• Exercise brief:
Among the lines below, restate word for word only those from the line with "У среду 25." through the line with "大量的玩家在社交平台反馈,腾", with both end lines kept.

• Provided data:
──────
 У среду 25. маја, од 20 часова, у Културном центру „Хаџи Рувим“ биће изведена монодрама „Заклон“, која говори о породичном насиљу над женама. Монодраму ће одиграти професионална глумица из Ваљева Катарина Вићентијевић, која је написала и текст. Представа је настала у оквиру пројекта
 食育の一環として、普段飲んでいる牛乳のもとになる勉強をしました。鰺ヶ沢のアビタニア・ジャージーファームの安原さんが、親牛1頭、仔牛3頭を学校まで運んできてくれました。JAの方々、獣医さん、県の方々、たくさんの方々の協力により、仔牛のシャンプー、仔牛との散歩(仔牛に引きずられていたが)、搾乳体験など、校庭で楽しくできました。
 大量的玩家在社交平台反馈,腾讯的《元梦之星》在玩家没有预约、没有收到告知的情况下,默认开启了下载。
──────
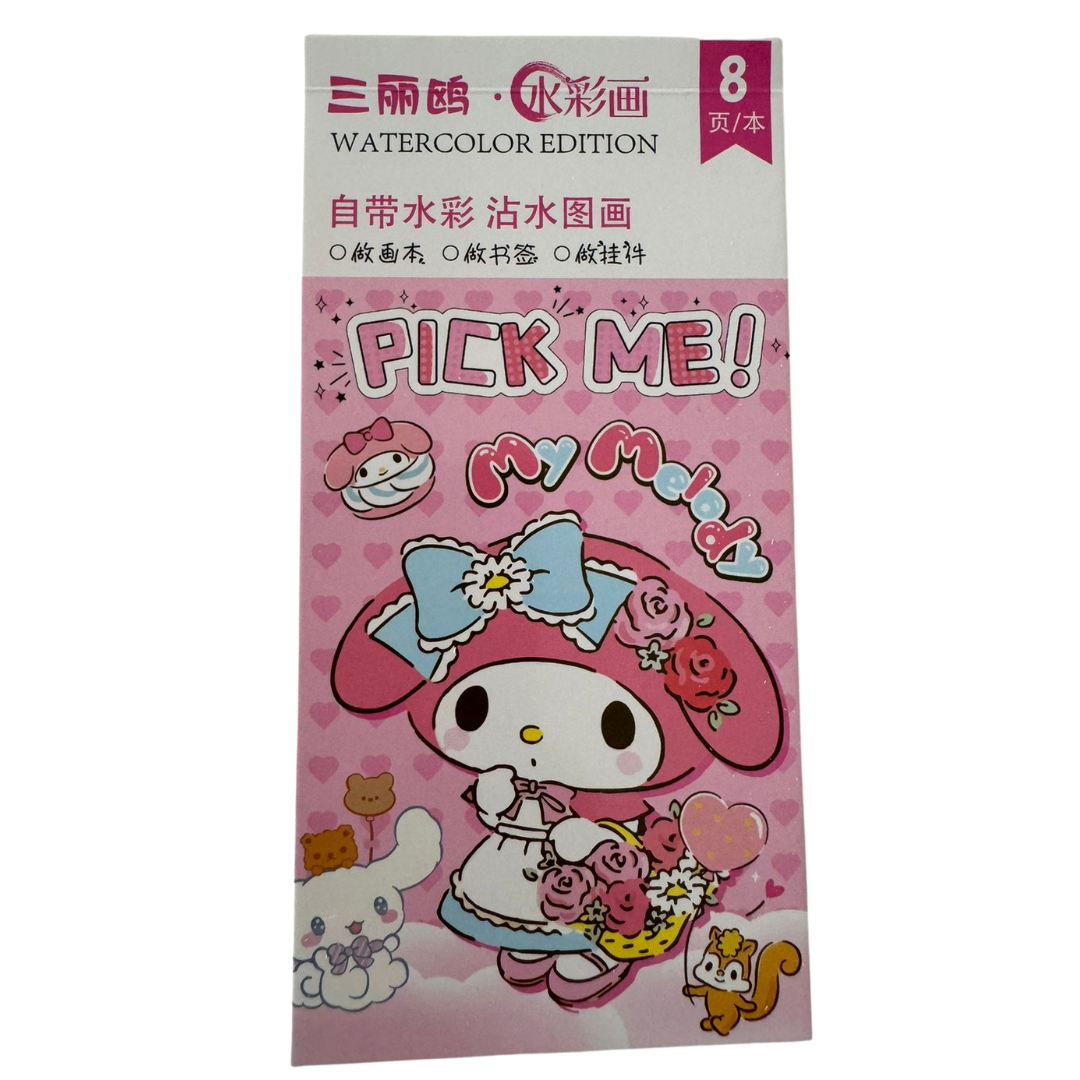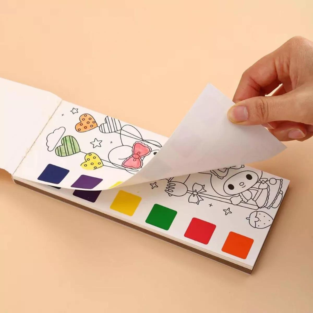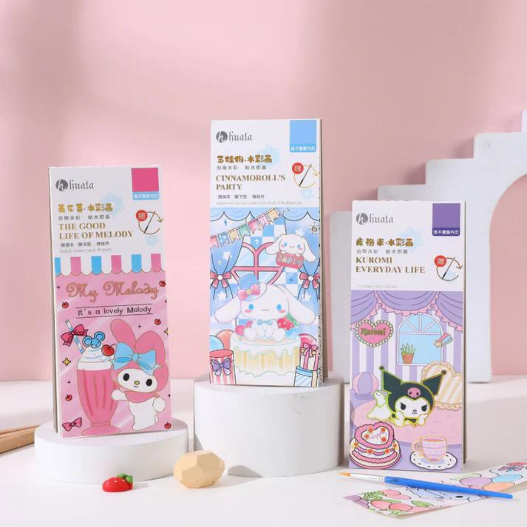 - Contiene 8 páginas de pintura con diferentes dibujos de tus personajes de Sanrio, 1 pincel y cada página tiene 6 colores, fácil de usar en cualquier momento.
──────
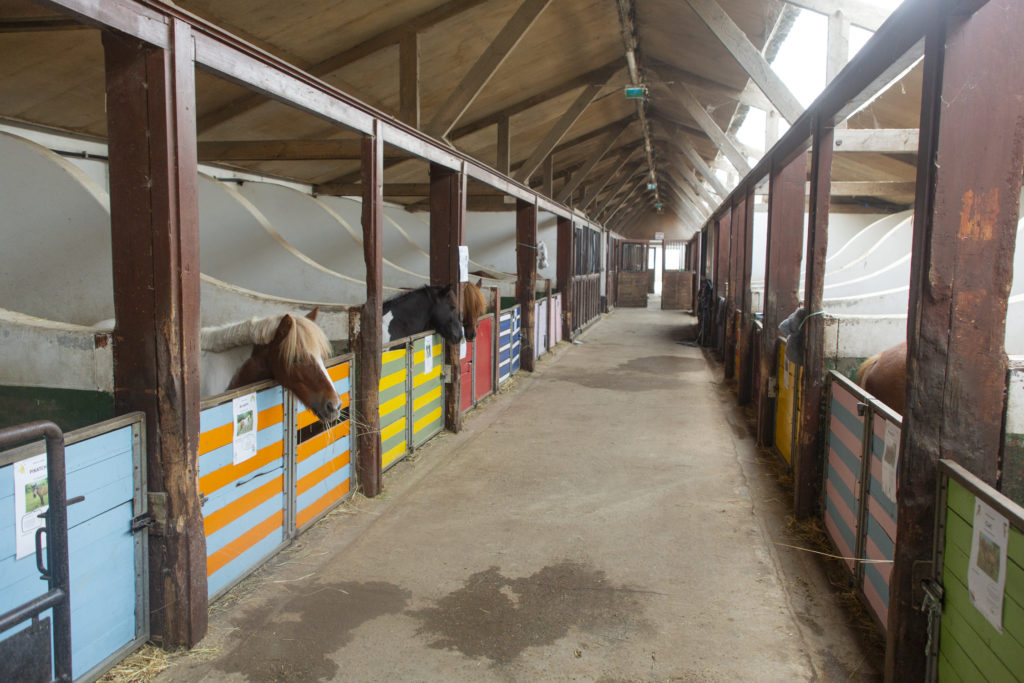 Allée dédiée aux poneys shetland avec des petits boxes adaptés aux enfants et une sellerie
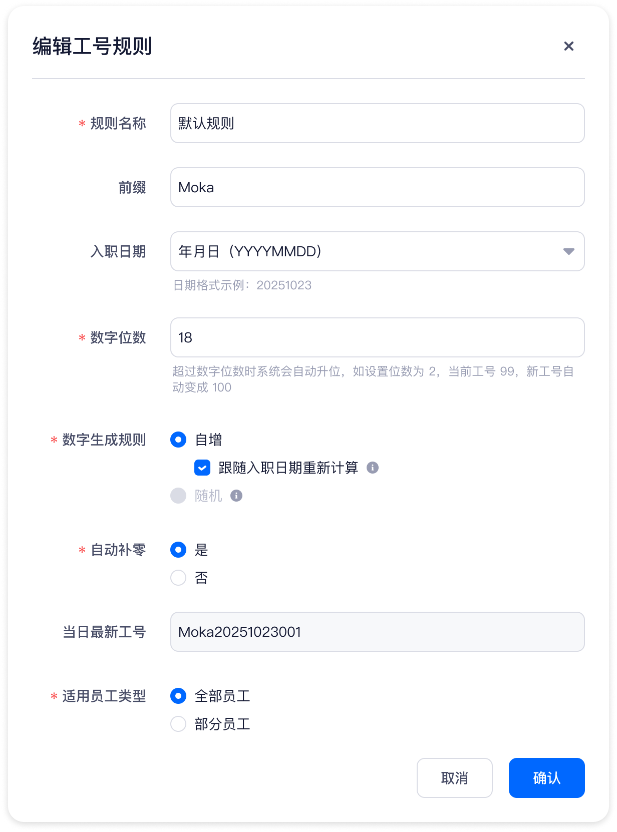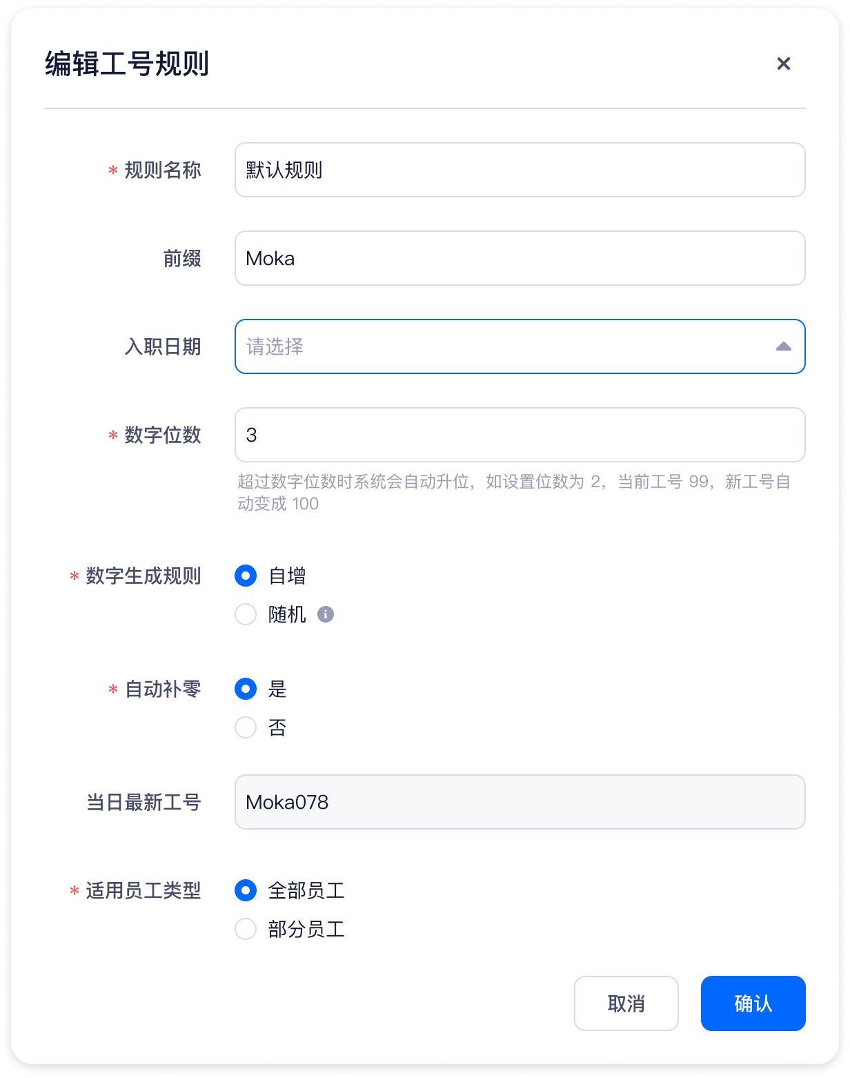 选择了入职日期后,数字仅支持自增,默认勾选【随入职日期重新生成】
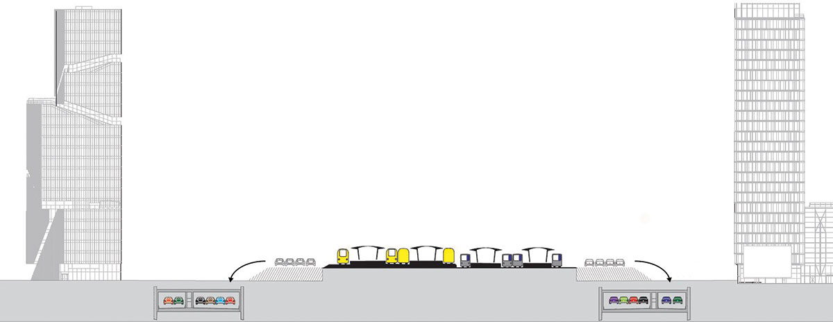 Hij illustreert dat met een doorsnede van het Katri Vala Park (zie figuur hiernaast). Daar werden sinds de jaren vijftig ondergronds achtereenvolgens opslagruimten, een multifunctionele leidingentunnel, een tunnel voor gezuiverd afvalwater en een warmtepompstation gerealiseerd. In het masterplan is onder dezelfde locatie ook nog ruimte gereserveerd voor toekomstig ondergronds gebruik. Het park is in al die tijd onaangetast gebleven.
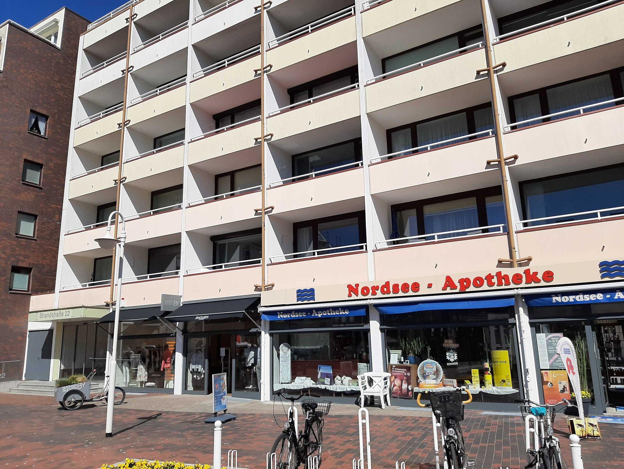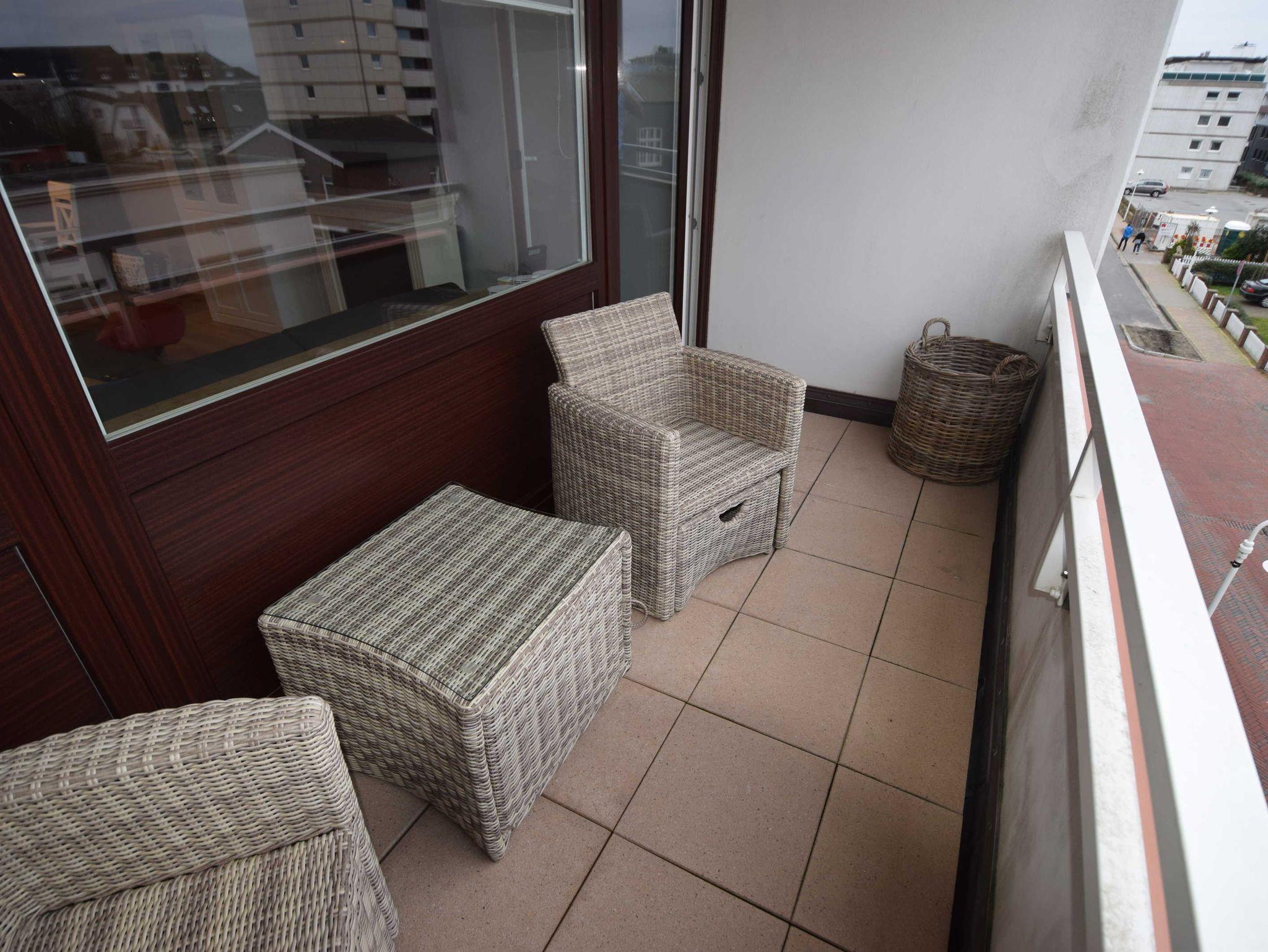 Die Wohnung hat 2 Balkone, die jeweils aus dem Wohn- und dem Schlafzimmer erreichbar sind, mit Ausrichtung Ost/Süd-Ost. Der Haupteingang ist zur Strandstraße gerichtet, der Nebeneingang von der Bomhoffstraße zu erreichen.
──────
• Result of this task:
 У среду 25. маја, од 20 часова, у Културном центру „Хаџи Рувим“ биће изведена монодрама „Заклон“, која говори о породичном насиљу над женама. Монодраму ће одиграти професионална глумица из Ваљева Катарина Вићентијевић, која је написала и текст. Представа је настала у оквиру пројекта
 食育の一環として、普段飲んでいる牛乳のもとになる勉強をしました。鰺ヶ沢のアビタニア・ジャージーファームの安原さんが、親牛1頭、仔牛3頭を学校まで運んできてくれました。JAの方々、獣医さん、県の方々、たくさんの方々の協力により、仔牛のシャンプー、仔牛との散歩(仔牛に引きずられていたが)、搾乳体験など、校庭で楽しくできました。
 大量的玩家在社交平台反馈,腾讯的《元梦之星》在玩家没有预约、没有收到告知的情况下,默认开启了下载。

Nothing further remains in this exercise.